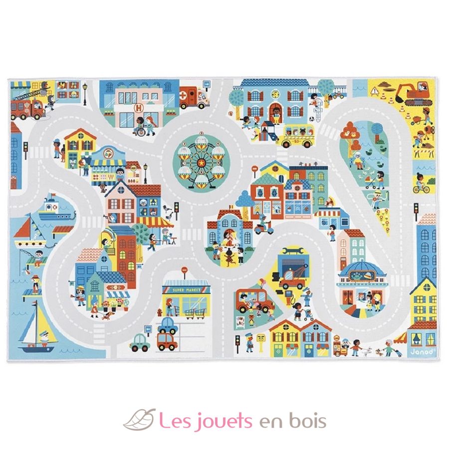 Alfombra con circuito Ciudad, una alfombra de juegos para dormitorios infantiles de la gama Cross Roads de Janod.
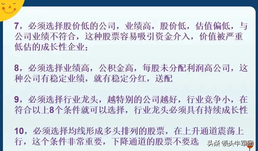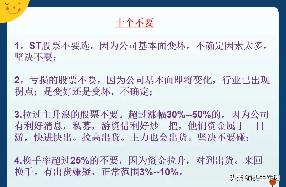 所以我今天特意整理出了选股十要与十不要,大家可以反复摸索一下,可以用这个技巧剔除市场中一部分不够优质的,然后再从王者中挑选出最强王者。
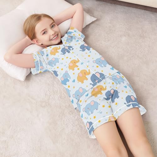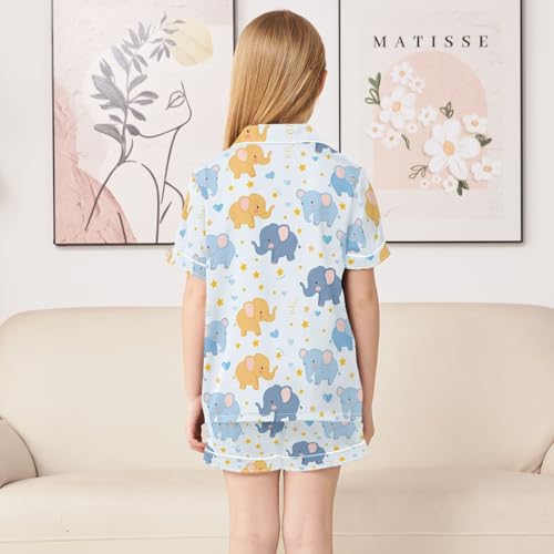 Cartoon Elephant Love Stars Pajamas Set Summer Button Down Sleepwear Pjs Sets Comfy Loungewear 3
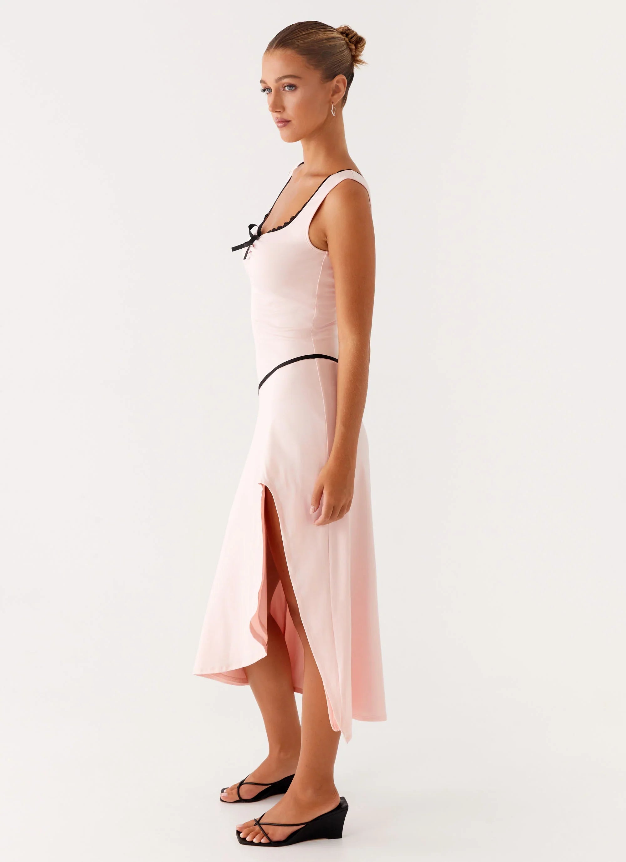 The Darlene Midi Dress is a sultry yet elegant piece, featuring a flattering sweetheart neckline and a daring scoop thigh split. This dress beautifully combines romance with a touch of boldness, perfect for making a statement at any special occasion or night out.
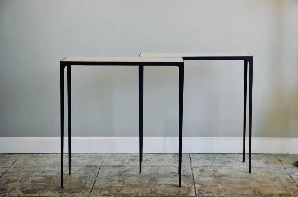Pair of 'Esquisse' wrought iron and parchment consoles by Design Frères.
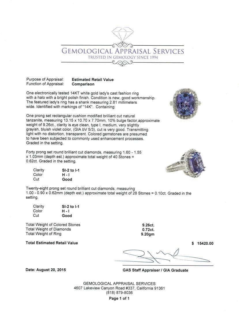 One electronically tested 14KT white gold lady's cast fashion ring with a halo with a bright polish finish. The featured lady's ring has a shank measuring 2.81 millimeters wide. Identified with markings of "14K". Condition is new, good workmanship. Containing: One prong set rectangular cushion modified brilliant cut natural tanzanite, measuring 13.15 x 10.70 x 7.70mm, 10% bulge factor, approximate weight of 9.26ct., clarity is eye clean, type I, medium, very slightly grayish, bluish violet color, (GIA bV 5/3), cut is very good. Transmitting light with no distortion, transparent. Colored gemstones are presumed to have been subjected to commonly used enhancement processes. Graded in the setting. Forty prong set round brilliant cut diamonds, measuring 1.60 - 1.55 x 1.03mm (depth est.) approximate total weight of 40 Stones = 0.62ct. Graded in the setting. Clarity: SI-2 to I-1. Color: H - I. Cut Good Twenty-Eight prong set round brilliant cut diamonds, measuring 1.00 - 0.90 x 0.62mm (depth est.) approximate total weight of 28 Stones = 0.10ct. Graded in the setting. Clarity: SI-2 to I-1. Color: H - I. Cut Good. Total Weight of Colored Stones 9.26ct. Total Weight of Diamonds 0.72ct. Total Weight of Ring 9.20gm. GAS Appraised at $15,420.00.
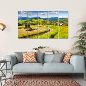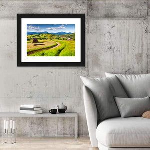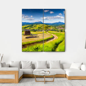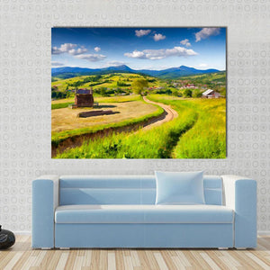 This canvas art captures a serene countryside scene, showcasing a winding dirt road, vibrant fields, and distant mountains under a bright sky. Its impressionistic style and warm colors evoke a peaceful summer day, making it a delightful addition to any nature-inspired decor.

··········

• PROBLEM TO SOLVE:
The result should be an exact copy of only the lines above from the one that holds "The Darlene Midi" through the one that holds "Pair of 'Esquisse'", both ends included, without pictures.

• TASK SOLUTION:
 The Darlene Midi Dress is a sultry yet elegant piece, featuring a flattering sweetheart neckline and a daring scoop thigh split. This dress beautifully combines romance with a touch of boldness, perfect for making a statement at any special occasion or night out.
Pair of 'Esquisse' wrought iron and parchment consoles by Design Frères.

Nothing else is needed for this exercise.